### [What is needed]
Quote word for word the lines starting at the line with "Setup the ice holder." and ending at the final line of the entries. Leave out any pictures.

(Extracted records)
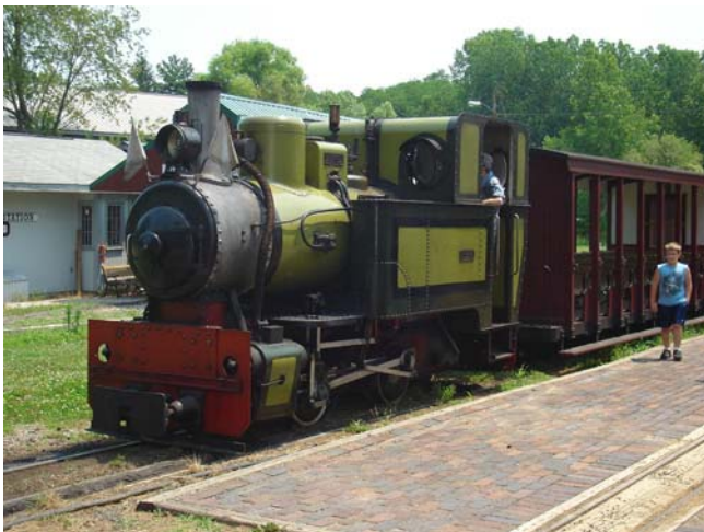
Above: Mecklenburg Pommersche Schmall Spurbahn Railroad 0-4-0 provides the normal weekend power for the two-foot gauge steam operations at Hesston Steam Museum. Seen here on June 30, 2012, the little steamer is ready to pull passengers on the two mile loop around the museum grounds.

Hesston keeps the memory of narrow gauge steam railroads alive. If you're a steam fan or long to relive your days of youth at your favorite amusement park, you'll love the sights, sounds and smells as you ride over hills, past lakes, and through farm fields on a two and a half mile journey back in time. You'll love it!
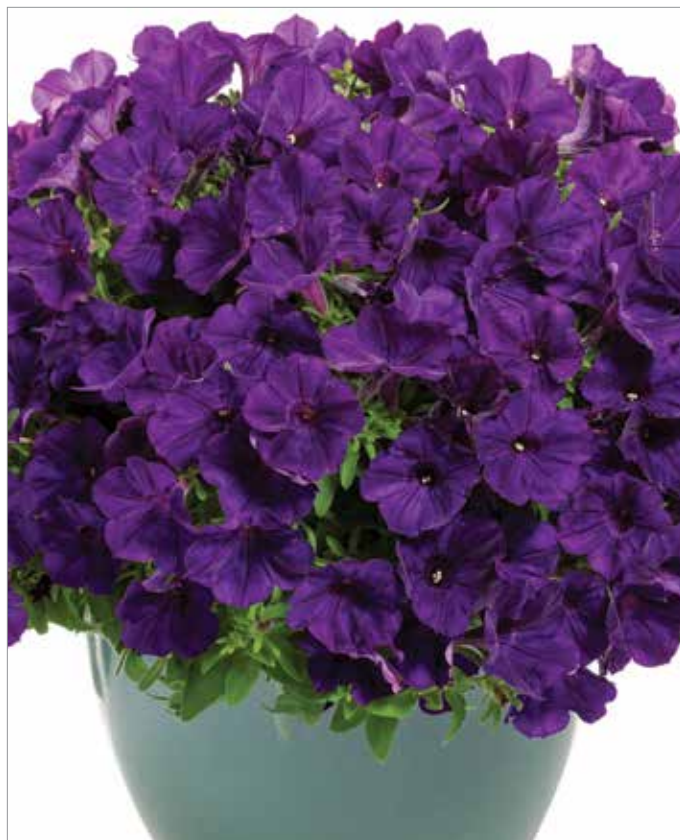
Supertunia Royal Velvet Improved
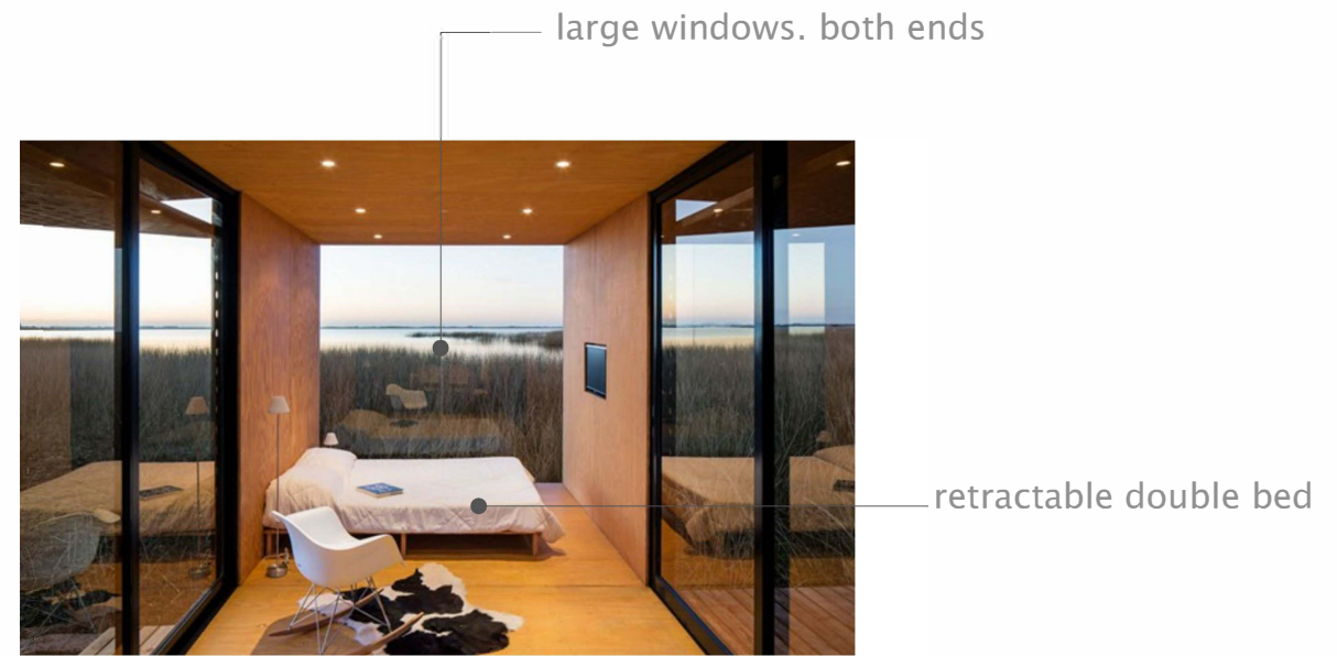
Example first floor
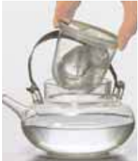
Setup the ice holder.

※ If the spout is damaged, repairs are possible.
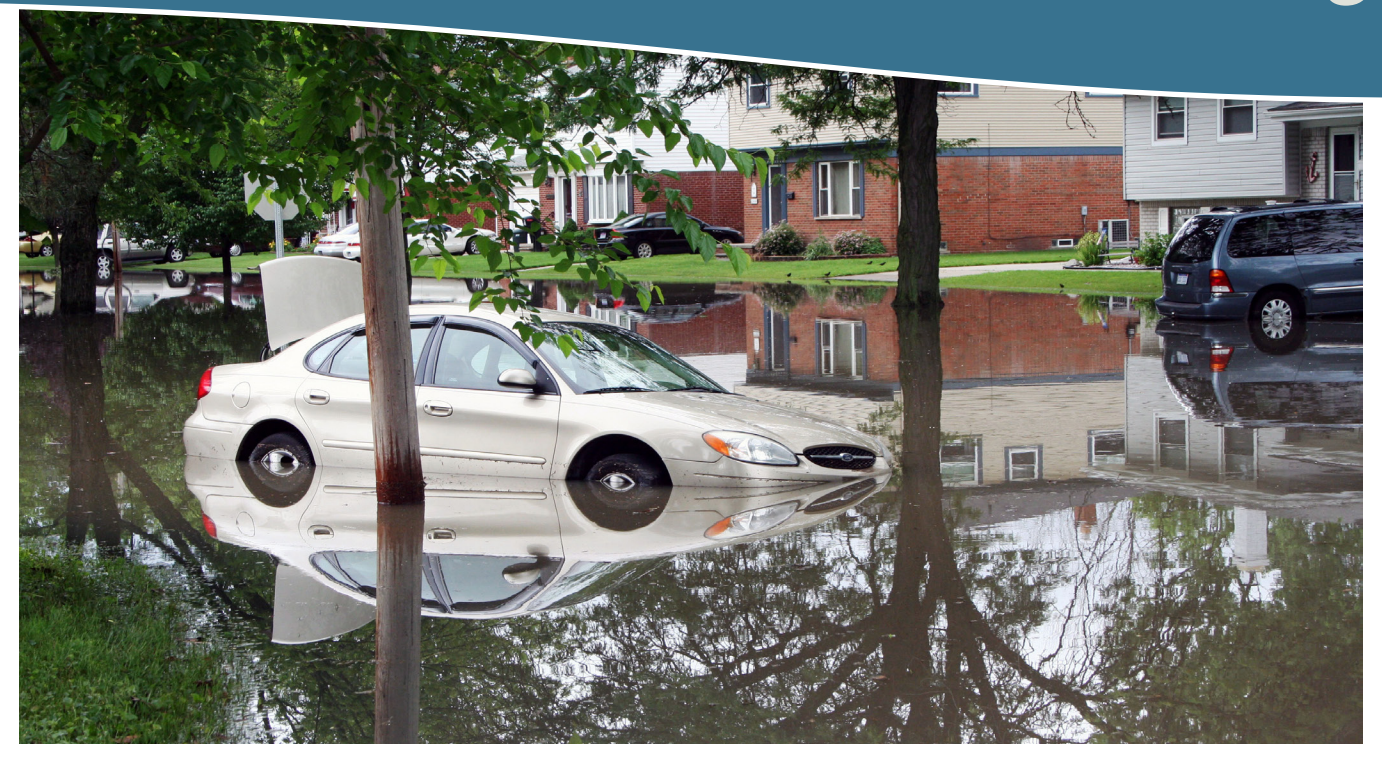
Flooding in Dearborn Heights

### [Solution]
Setup the ice holder.

※ If the spout is damaged, repairs are possible.
Flooding in Dearborn Heights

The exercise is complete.